The Decline of Coarse Grains and Traditional Diversity

Another worrying trend is the sharp fall in consumption of coarse grains like jowar, bajra, and ragi, which are often called millets. These grains are rich in fibre, minerals, and micronutrients such as iron and calcium. They are also more climate-resilient and require less water compared to rice and wheat, making them important for sustainable agriculture in a warming world.

However, per capita consumption of these coarse grains has fallen by almost 40 per cent in the past decade. Today, Indians meet only about 15 per cent of the recommended intake of millets and similar grains. Several factors are responsible for this decline. Public procurement and distribution systems have heavily favoured rice and wheat, influencing both farmers’ cropping decisions and consumers’ eating patterns. Urbanisation and changing aspirations have also played a role, as many people see rice and wheat as more “modern” or “refined” options compared to traditional millets.

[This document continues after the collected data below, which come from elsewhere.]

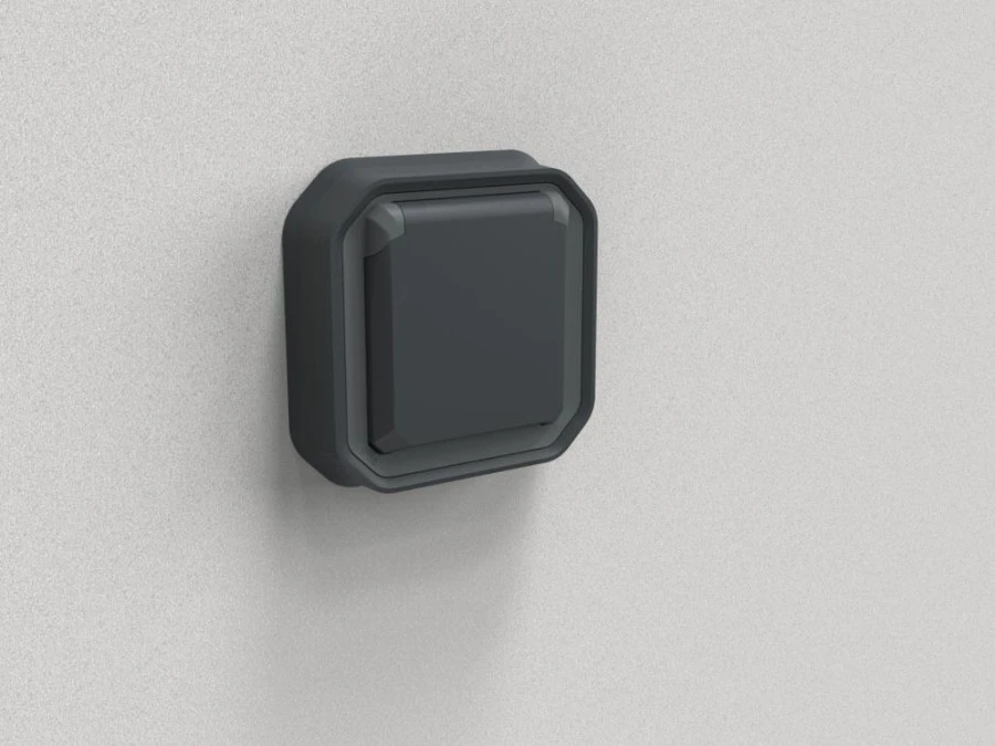 6. PLEXO IP55 Gniazdo pojedyncze z uziemieniem z klapką szare 069831 LEGRAND 54.67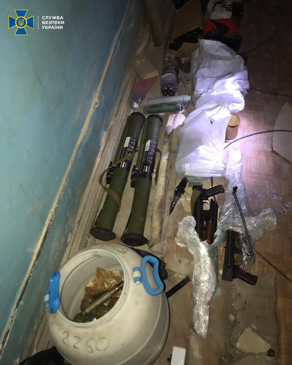 Наразі слідчо-оперативною групою та експертами продовжуються обшуки приміщень та вилучення військових засобів ураження.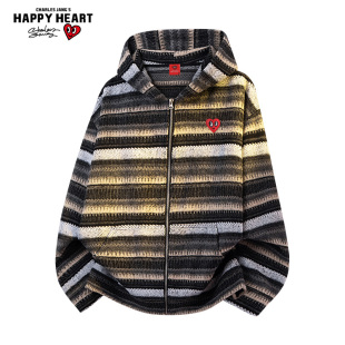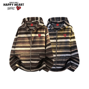 新款 查尔斯桃心 毛衣男秋冬季 复古开衫 百搭潮牌情侣连帽外套 美式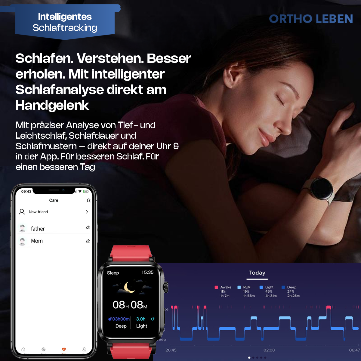 Die Orthowatch Vita One analysiert nicht nur Ihre Schlafphasen – sie erkennt Temperaturveränderungen, Atemfrequenz und Herzaktivität in der Nacht.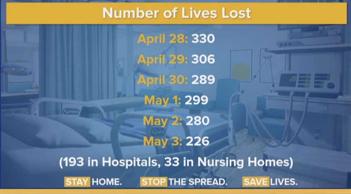 Good news: the plateau is real. Bad news: yesterday's dip in daily deaths may have been a holiday reporting blip. We are back at 778 deaths in the past 24 hours, similar to #'s last week. As long as total hospitalizations remains flat, I suspect we can expect more of the same.pic.twitter.com/SRXZmgzFet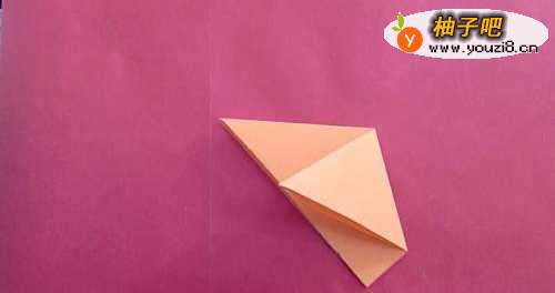 2一长边中间点为轴,平面分成五部分,从一边起四份对折,再对折。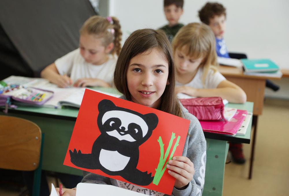 2024年5月3日,匈中雙語學校三年級學生寶怡展示自己的大熊貓形象美術作品。
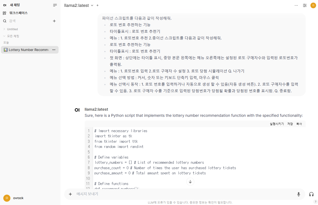 - Ollama: Meta에서 제공하는 오픈소스 LLM(Large Language Model) 솔루션

This shift away from diverse, traditional cereals to a narrow cereal basket dominated by rice and wheat has reduced the overall nutritional quality of diets. It has also made farming systems less resilient. Efforts to reintroduce millets through campaigns and special programmes are gaining momentum, but they need to be backed by large-scale policy reforms, market support, and consumer awareness.

Rethinking Public Food Programmes

Given the scale of India’s nutrition crisis, reforming public food schemes has become essential. Currently, major programmes such as the Public Distribution System (PDS) mainly supply rice and wheat at subsidised rates. While this has been successful in preventing hunger and providing basic calories, it has also reinforced cereal-heavy diets. Similarly, school meals under the PM POSHAN scheme (formerly Mid-Day Meal) and take-home rations given through Anganwadi centres often struggle to consistently include sufficient pulses, eggs, fruits, and vegetables due to budget and supply issues.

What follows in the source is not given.